The Sara-Placid Highway is the nine-mile section of New York Route 86 between Saranac Lake and Lake Placid.
Malone Farmer, October 5, 1910
It is now announced that the Saranac LakeāLake Placid improved road will not be constructed next year as heretofore contemplated by the state highway department, because it is a county road and the Essex county board of supervisors has decided to spend the money available next year along the Lake Champlain front instead of in the Western end of the county. This checks the plan of the village trustees and Good Roads Association of Saranac Lake to have Bloomingdale Avenue macadamized at state expense as a connecting link between state highways.
Lake Placid News, July 10, 1931
CONCRETE FOR THE SARANAC-PLACID ROAD
This newspaper is glad to add its voice in favor of a three-strip concrete highway between Lake Placid and Saranac Lake, when that broken-up road is finally rebuilt.
While officials have ruled for macadam highways within the confines of the Adirondack Park, it is believed in many quarters that concerted action on the part of the communities most affected may bring about a modification of the ruling so that what is undoubtedly the most-travelled piece of road in the Adirondacks may be constructed of concrete thirty feet wide.
Various Lake Placid and Saranac Lake civic bodies have passed resolutions favoring concrete for this road. Without doubt it will be built soon. Also without doubt it should be built of concrete, three strips wide.
The safety element on this highway, which during the height of the summer season is one mass of cars for about eighteen hours a day demands a wider-than-ordinary track. Motorists familiar with the three-strip road between Lake George and Glens falls or with the four-strip road running between New York and Albany know that both do much to lessen the number of accidents.
Enduring, smooth, safe concrete, thirty feet wide, along the ten-mile route between Lake Placid and Saranac Lake will be a needed boon to both villages, to this entire Adirondack section, and to the whole travelling public.
Let's get this road the way it ought to be!
Lake Placid News, September 2, 1932
NEW LAKE PLACID-SARANAC HIGHWAY MAY FOLLOW OLD DIRT RD.

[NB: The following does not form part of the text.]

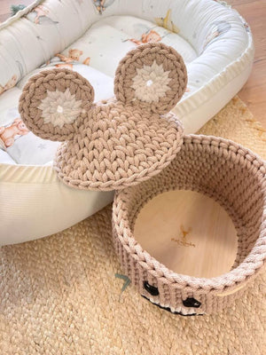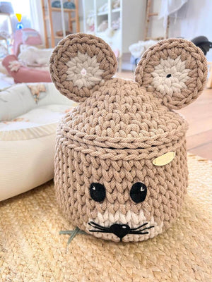 Ručně háčkovaný košíček do dětského pokoje - Myška - Latte

At a meeting of Lee Irish, associate engineer of the Albany district of the state highway department with residents and officials of Lake Placid and Saranac Lake the proposed route for the new highway between the two villages was discussed.
The road will take the approximate course of the old dirt road leaving the present state highway a few hundred yards beyond Duprey's settlement of cabins and will extend back of Ray Brook sanatorium according to Willis Wells who attended the meeting. There was some discussion as to what approach the new highway would have into Saranac Lake. If rights of way are secured immediately and at reasonable cost the approach may follow Lake Flower avenue, coming out to the present highway near the N. V. A. sanatorium. The alternate would be the use of Pine street at the end of the old road. It is expected that a different roadbed will be made in the vicinity of the outlet here and upper portion of Saranac avenue.
James Shea accompanied Mr. Wells and Mr. Irish to Saranac Lake where they met with Wayne Timmerman, village manager, Lewis Graeves, village trustee, Ralph B. Leonard, president of the chamber of commerce, Andrew Callanan and Rodger Bouck, town board member.